──────── THE DATA

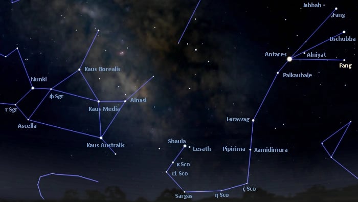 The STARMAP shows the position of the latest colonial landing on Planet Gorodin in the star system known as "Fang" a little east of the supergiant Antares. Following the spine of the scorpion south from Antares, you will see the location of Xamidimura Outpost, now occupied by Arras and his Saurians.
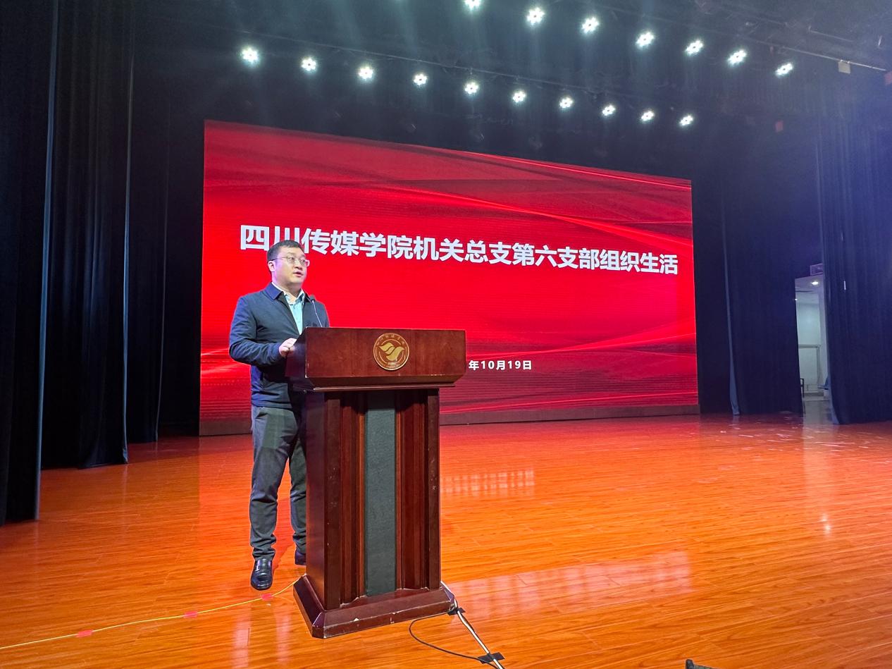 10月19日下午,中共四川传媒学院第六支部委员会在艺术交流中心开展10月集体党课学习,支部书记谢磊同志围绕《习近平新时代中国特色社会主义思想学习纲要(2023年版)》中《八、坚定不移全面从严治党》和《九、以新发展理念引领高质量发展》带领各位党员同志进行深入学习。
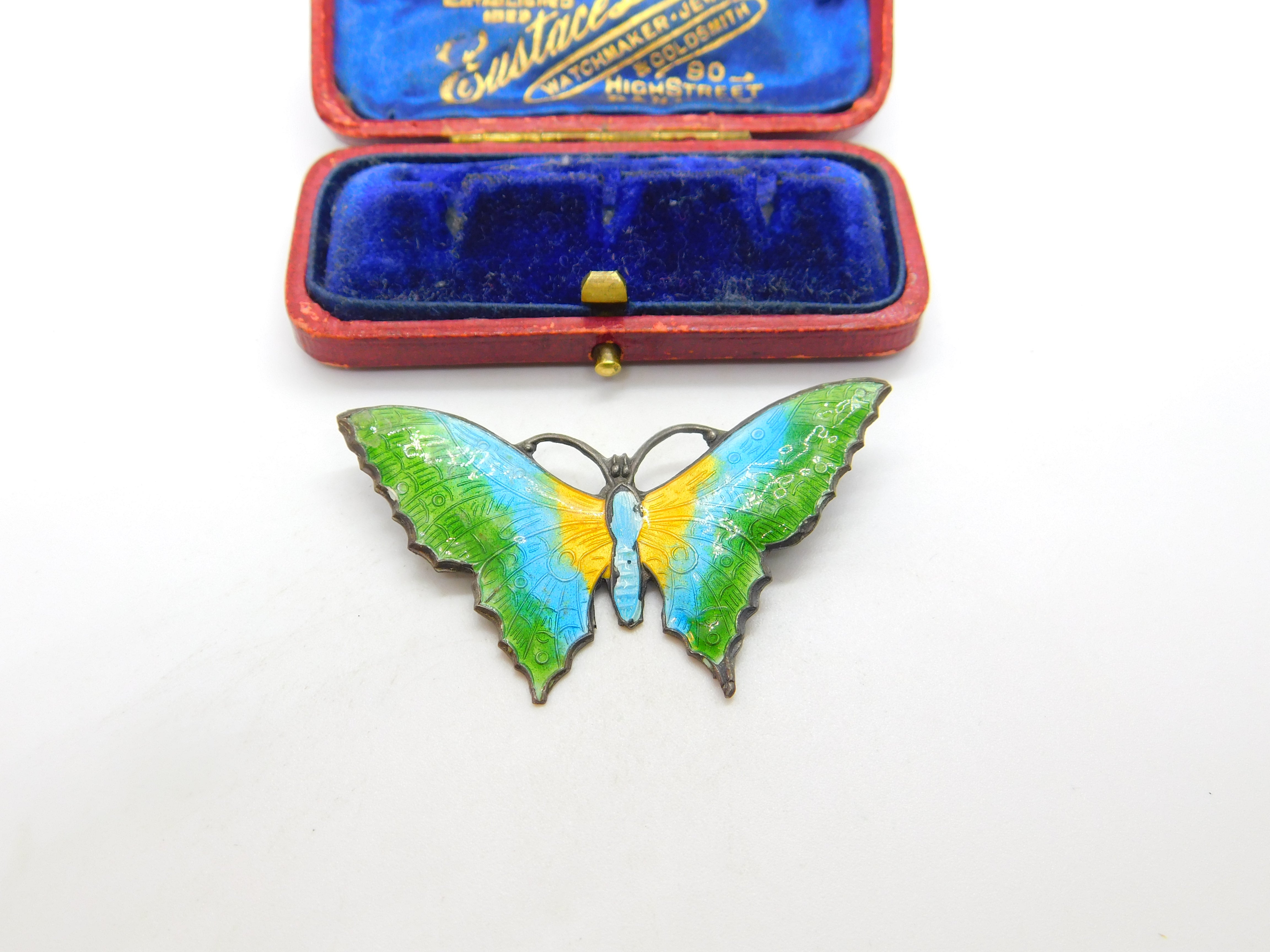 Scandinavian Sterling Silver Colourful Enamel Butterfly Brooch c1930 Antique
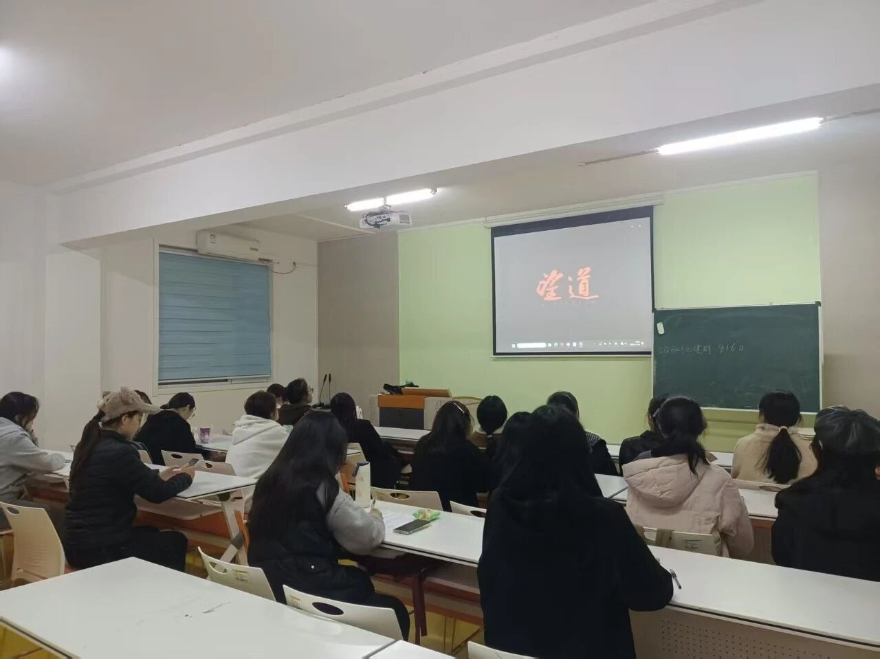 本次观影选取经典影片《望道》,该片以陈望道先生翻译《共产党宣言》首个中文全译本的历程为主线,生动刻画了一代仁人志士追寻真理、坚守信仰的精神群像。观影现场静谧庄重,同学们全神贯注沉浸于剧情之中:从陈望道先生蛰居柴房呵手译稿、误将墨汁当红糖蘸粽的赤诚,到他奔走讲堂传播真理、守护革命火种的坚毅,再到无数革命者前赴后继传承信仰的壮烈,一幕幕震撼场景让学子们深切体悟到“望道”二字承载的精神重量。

────────────────

### WHAT NEEDS TO BE DONE
In the data above, please extract the lines from the first one through the line with "Scandinavian Sterling Silver", exactly, and keep pictures out.

### EXPECTED ANSWER
 The STARMAP shows the position of the latest colonial landing on Planet Gorodin in the star system known as "Fang" a little east of the supergiant Antares. Following the spine of the scorpion south from Antares, you will see the location of Xamidimura Outpost, now occupied by Arras and his Saurians.
 10月19日下午,中共四川传媒学院第六支部委员会在艺术交流中心开展10月集体党课学习,支部书记谢磊同志围绕《习近平新时代中国特色社会主义思想学习纲要(2023年版)》中《八、坚定不移全面从严治党》和《九、以新发展理念引领高质量发展》带领各位党员同志进行深入学习。
 Scandinavian Sterling Silver Colourful Enamel Butterfly Brooch c1930 Antique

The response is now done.